§ AVAILABLE DATA:
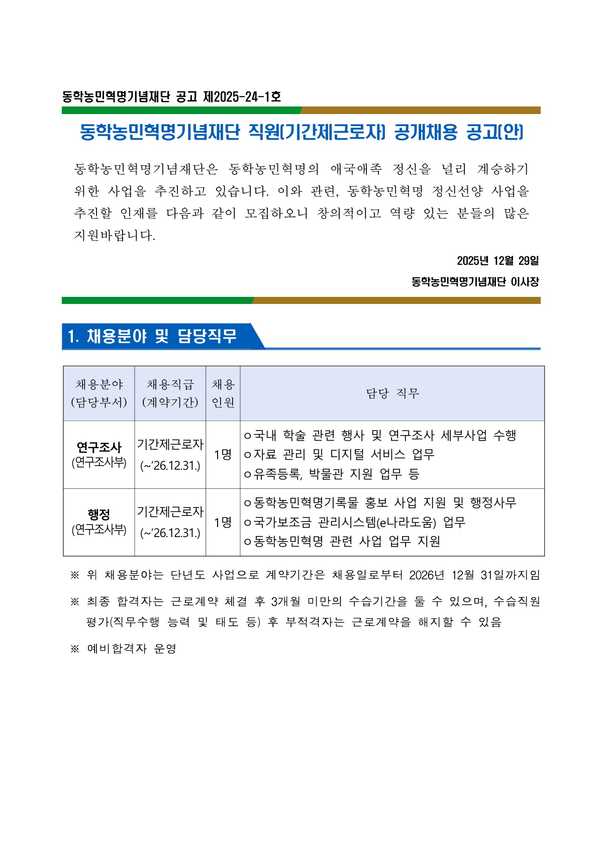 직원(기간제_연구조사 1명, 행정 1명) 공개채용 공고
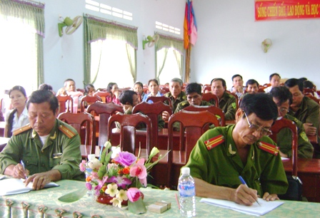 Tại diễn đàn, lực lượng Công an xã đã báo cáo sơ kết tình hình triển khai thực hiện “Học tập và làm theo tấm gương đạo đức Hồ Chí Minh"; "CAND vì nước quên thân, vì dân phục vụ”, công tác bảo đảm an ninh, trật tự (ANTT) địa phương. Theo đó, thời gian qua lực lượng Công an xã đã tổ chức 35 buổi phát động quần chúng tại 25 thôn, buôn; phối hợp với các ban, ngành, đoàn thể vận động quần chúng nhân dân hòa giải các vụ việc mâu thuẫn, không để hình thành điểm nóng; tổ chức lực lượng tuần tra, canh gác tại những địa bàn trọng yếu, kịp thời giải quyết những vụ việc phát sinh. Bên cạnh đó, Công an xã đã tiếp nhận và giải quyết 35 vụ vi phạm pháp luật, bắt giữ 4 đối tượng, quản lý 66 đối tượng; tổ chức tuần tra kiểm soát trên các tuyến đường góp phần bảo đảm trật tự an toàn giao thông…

* * *

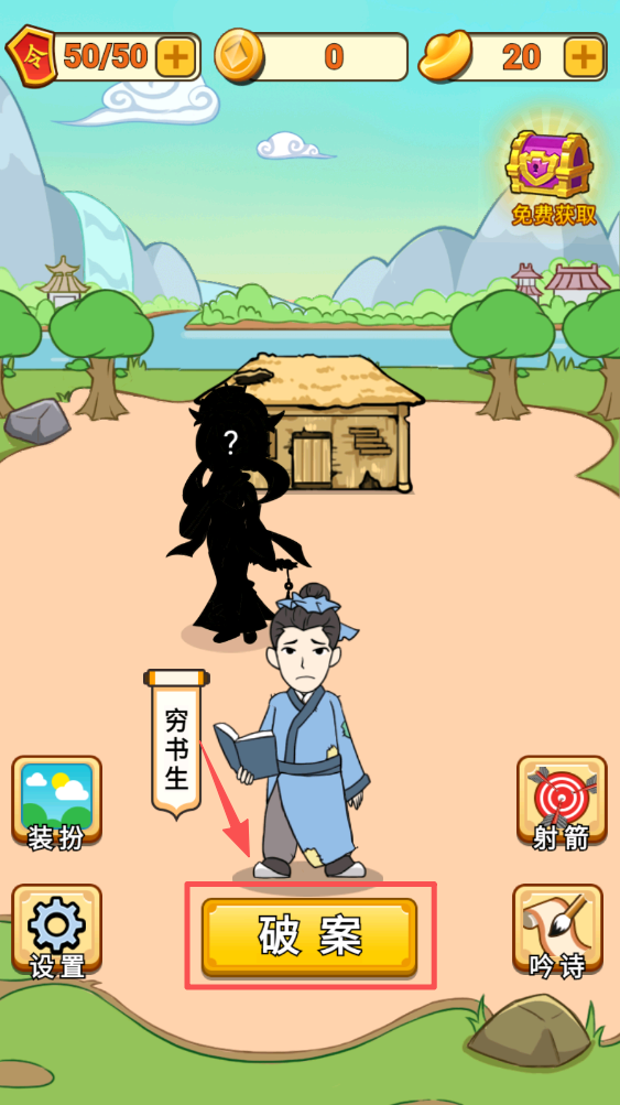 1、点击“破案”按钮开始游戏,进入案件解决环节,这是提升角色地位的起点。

§ PROMPT: Write out exactly the lines above between the one with "직원(기간제_연구조사 1명, 행정 1명) 공개채용 공고" and the one with "Tại diễn đàn, lực", inclusive, with pictures left out.

§ SOLUTION TO THIS TASK:
 직원(기간제_연구조사 1명, 행정 1명) 공개채용 공고
 Tại diễn đàn, lực lượng Công an xã đã báo cáo sơ kết tình hình triển khai thực hiện “Học tập và làm theo tấm gương đạo đức Hồ Chí Minh"; "CAND vì nước quên thân, vì dân phục vụ”, công tác bảo đảm an ninh, trật tự (ANTT) địa phương. Theo đó, thời gian qua lực lượng Công an xã đã tổ chức 35 buổi phát động quần chúng tại 25 thôn, buôn; phối hợp với các ban, ngành, đoàn thể vận động quần chúng nhân dân hòa giải các vụ việc mâu thuẫn, không để hình thành điểm nóng; tổ chức lực lượng tuần tra, canh gác tại những địa bàn trọng yếu, kịp thời giải quyết những vụ việc phát sinh. Bên cạnh đó, Công an xã đã tiếp nhận và giải quyết 35 vụ vi phạm pháp luật, bắt giữ 4 đối tượng, quản lý 66 đối tượng; tổ chức tuần tra kiểm soát trên các tuyến đường góp phần bảo đảm trật tự an toàn giao thông…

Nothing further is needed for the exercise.